3. Samples and Methods
3.1. Shale Samples
In this study, Wufeng Formation-Longmaxi Formation cores were sampled from three wells, including wells L203H79-4, Y101H3-8, and Y101H41-2 in the Luzhou area, and whole-rock X-ray diffraction analyses, gas-bearing property tests, shale porosity tests, and rock mechanical parameter tests were performed. In addition to the coring of the Wufeng Formation-Longmaxi Formation, in five wells, namely, L203H57-3, L203H79-4, L203H153-8, L210, and Y101H65-5, experimental tests on pore types and microscopic pore structure were performed (Table 1).
3.2. Experimental Methods
3.2.1. Characteristics of Whole-Rock Mineral Composition
The shale mineral contents were measured by whole-rock X-ray diffraction. The X’Pert MPD Pro X-ray diffractometer manufactured by PANalytical (the Netherlands) was used as the analytical instrument, and the test was based on Chinese standard SY/T 5163-2010 [51, 52]. The powder sample was ground to a particle size of 320 mesh, approximately 40 µm, and a mass of approximately 3 g was used. The sample was placed in the effective test area within 5–12 mm from the vertical plane of the sample table on the axis of the goniometer. For the goniometer, the sample was placed horizontally, with a 2θ angle ranging from 1° to 160°. During the test, the position of the sample remained unchanged. The X-ray tube and the detector rotated relative to the sample and continuously scanned the sample.

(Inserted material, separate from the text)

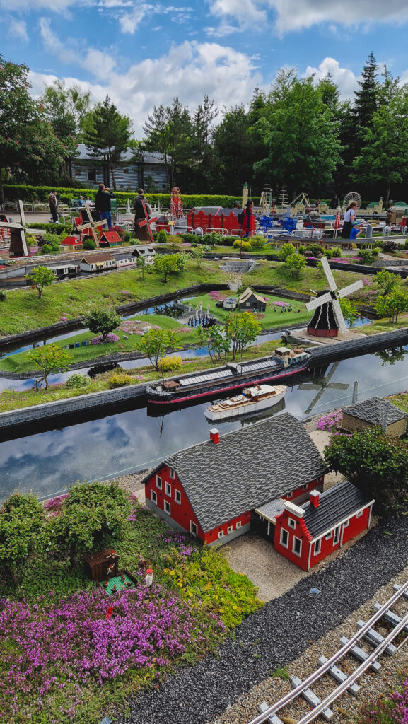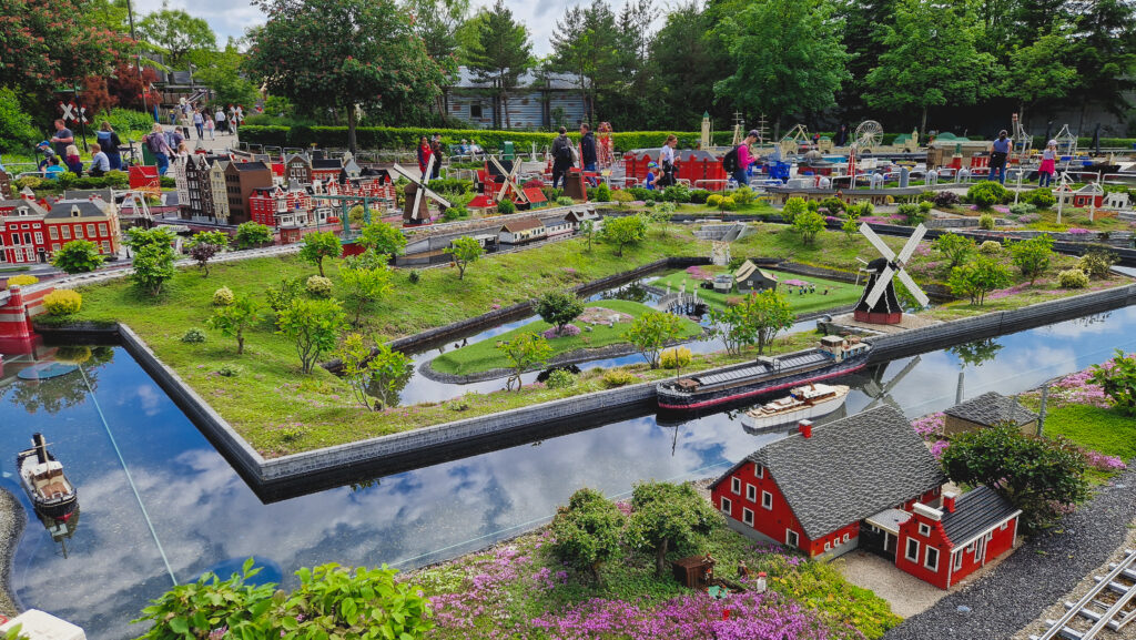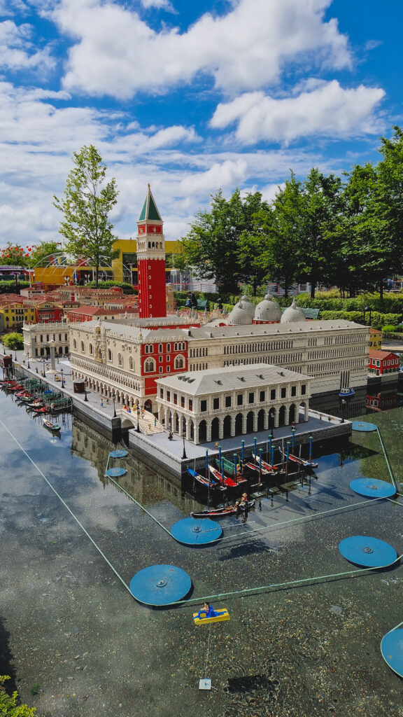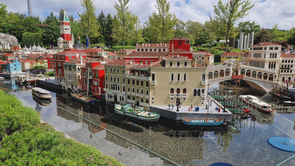 По территории парка можно прокатиться на маленьком поезде и осмотреть все через окно поезда. А можно просто не спеша прогуляться. Что мы и сделали. Нас очень впечатлило сделанные из Лего копии городов, таких как Лондон, Берлин, Венеция и др. Здесь даже плавают корабли и передвигаются машины.

3.2.2. Focused Ion Beam Scanning Electron Microscopy
The focused ion beam scanning electron microscopy (FIB-SEM) instrument was a Helios 660 dual-beam scanning electron microscope manufactured by FEI. For FIB-SEM, a gallium ion beam with an angle of 52° to the electron beam was used with a field emission electron microscope, with the ion beam cutting perpendicular to the sample surface and the electron beam scanning at an angle of 38° to the sample surface for imaging. A series of continuous slices with a thickness of 10–20 nm were obtained by setting the thickness of a single slice. The three-dimensional volume structure was obtained through subsequent software reconstruction so that the pores, organic matter content, and connectivity could be quantified, and then calculation and simulation were performed using the established model [53, 54]. The cutting area for sample preparation was 10 × 15 μm, the section thickness was 10 or 20 nm, the ion beam voltage was 500 V–30 kV, and the electron beam voltage was 1 –24 kV.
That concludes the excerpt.